> Task directions: Because the images are not wanted, restate every line below word for word without them.

> Data segment:
----

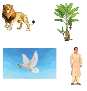 எ.கா. சிங்கம், வாழைமரம், புறா, மனிதன்.
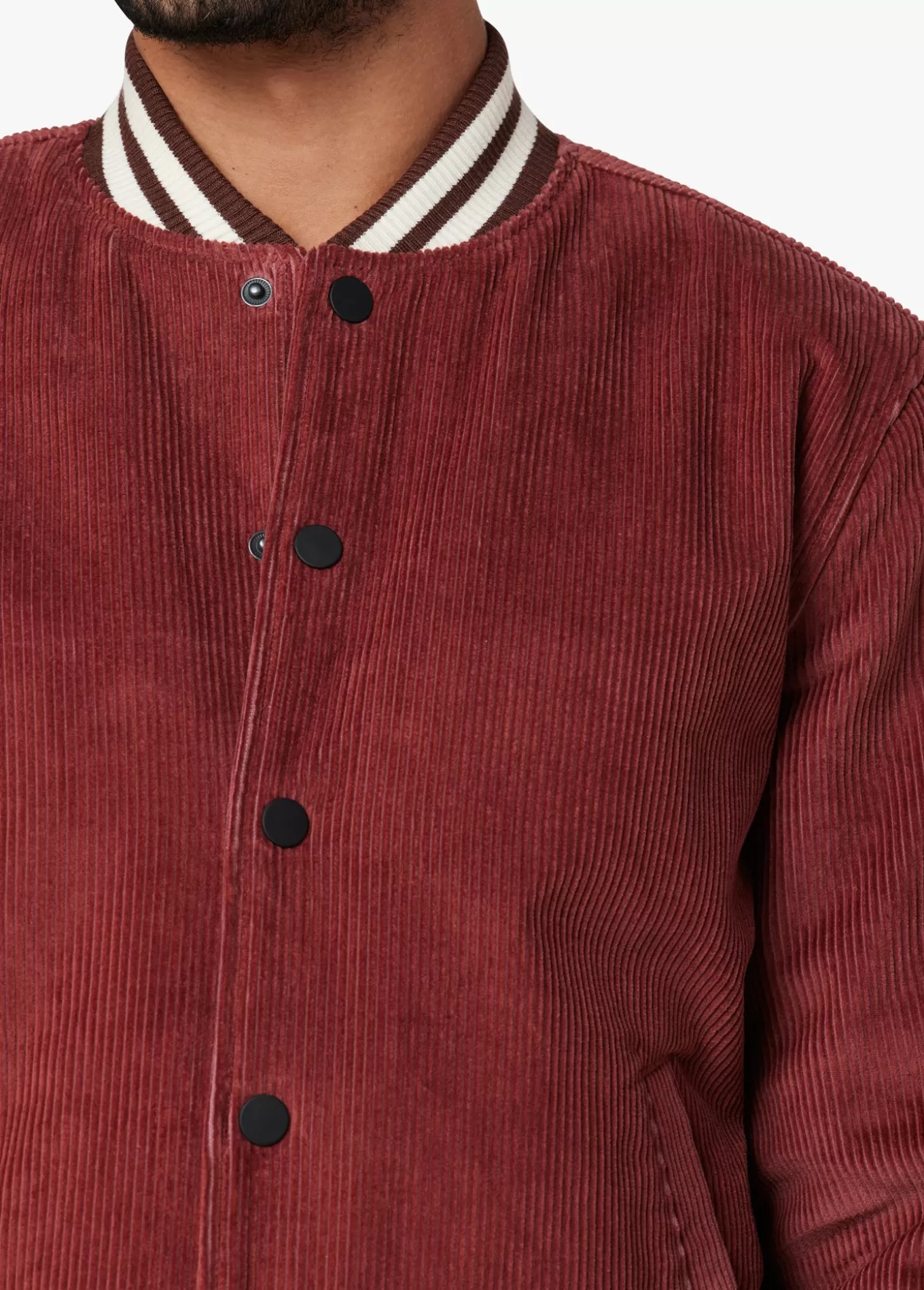 A little bit varsity, a little bit bomber jacket–the Ivy Cord Bomber is styled with a two-tone ribbed collar and cuffs and is made from a faded red, wide wale corduroy. Interior quilting makes the bomber extra warm and the black rubber snaps add a subtle modern touch to this nostaglic style.100% COTTONMODEL IS WEARING
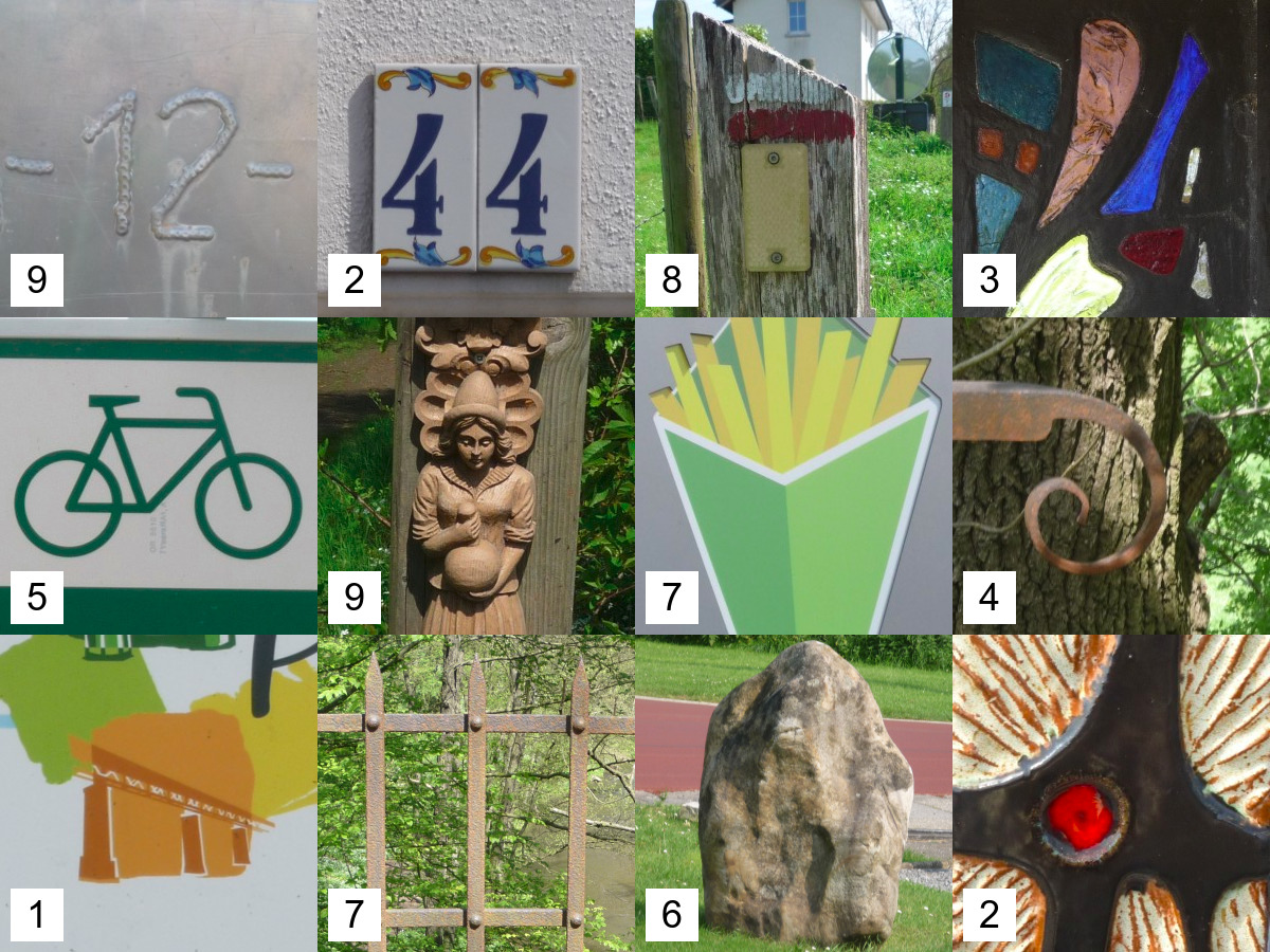 An jeder Station gilt es, ein Bild des Bilderrasters zu identifizieren. Die Ziffer im Bild ist eine Ziffer der Finalkoordinate. Natürlich enthält das Bilderraster mehr Bilder, als Ziffern gesucht werden, sonst wäre es zu einfach.

----

> Expected output:
 எ.கா. சிங்கம், வாழைமரம், புறா, மனிதன்.
 A little bit varsity, a little bit bomber jacket–the Ivy Cord Bomber is styled with a two-tone ribbed collar and cuffs and is made from a faded red, wide wale corduroy. Interior quilting makes the bomber extra warm and the black rubber snaps add a subtle modern touch to this nostaglic style.100% COTTONMODEL IS WEARING
 An jeder Station gilt es, ein Bild des Bilderrasters zu identifizieren. Die Ziffer im Bild ist eine Ziffer der Finalkoordinate. Natürlich enthält das Bilderraster mehr Bilder, als Ziffern gesucht werden, sonst wäre es zu einfach.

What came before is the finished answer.